The original 問題をかかえている can be translated as "I have problems".  The suggested "have a problem" is not wrong, so either will do in this (meagre) context.  Grootaers, a late linguistic geographer used to say that unmodified Japanese nouns are plurals by default.  He used to illustrate that with his encounters, while on research travels, with a lot of Japanese bookstores having <BOOK> on their signs instead of the correct English <BOOKS>.  I haven't been very wrong translating Japanese nouns into English plurals following his observation.


----------



## masatom

Thank you Flaminius.
From your advice, I have learned like this; 

When there is only one problem, which is recognized specifically by the asker, 
and the asker don't want to readers or listeners the detail, 
one should choose "a certain problem".

When there is only one problem, which is not known specifically by both the asker and listners, one may use " some problem" in stead of" a certain problem".
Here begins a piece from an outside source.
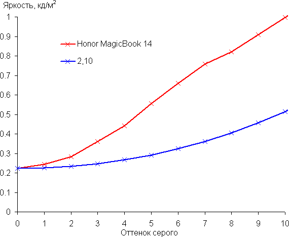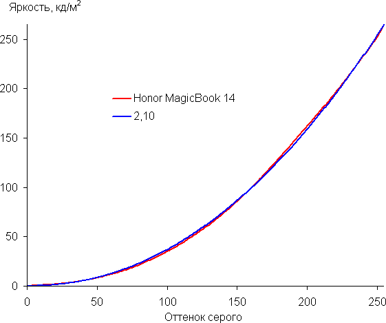 Аппроксимация полученной гамма-кривой дала показатель 2,10, что чуть ниже стандартного значения 2,2, при этом реальная гамма-кривая немного отклоняется от аппроксимирующей степенной функции:

And in both cases, "a cetain problem" is better.　　

And furthermore under ordinary circumstances the posibility of problem(s) being more than one is much higher than only one, so plural expression is more natural in translation Japanese nouns. Am I understanding you correctly?

My mistake took place originally from my Japanese-English dictionaries.
For exapmle, Eijiro saids that 　ある→certain, some
新和英中辞典　ある→one; a; ｓome; a certain
They seldom show me the usages or differences.

Thank you for your advice! Today is very lucky day for me to be able to learn from you.


----------



## Flaminius

Hi,



> When there is only one problem, which is recognized specifically by the asker,
> and the asker don't want to readers or listeners the detail,
> one should choose "a certain problem".


Yes, that or "a problem" will do.  The indefinite article "a" can cover from the most concrete to the most vague, of referent nouns.  The adjective "certain" emphasizes that the article is used with a concrete understanding.  In contrast, "some" plus a singular noun is more unknown, unnamed and imprecise—whether it is intentionally or unintentionally so.



> And furthermore under ordinary circumstances the posibility of problem(s) being more than one is much higher than only one, so plural expression is more natural in translation Japanese nouns. Am I understanding you correctly?


The "plural by default" is a practical guideline, or rule of thumb.  If a given situation is more likely to use a singular noun in English, I'd prefer a singular.


----------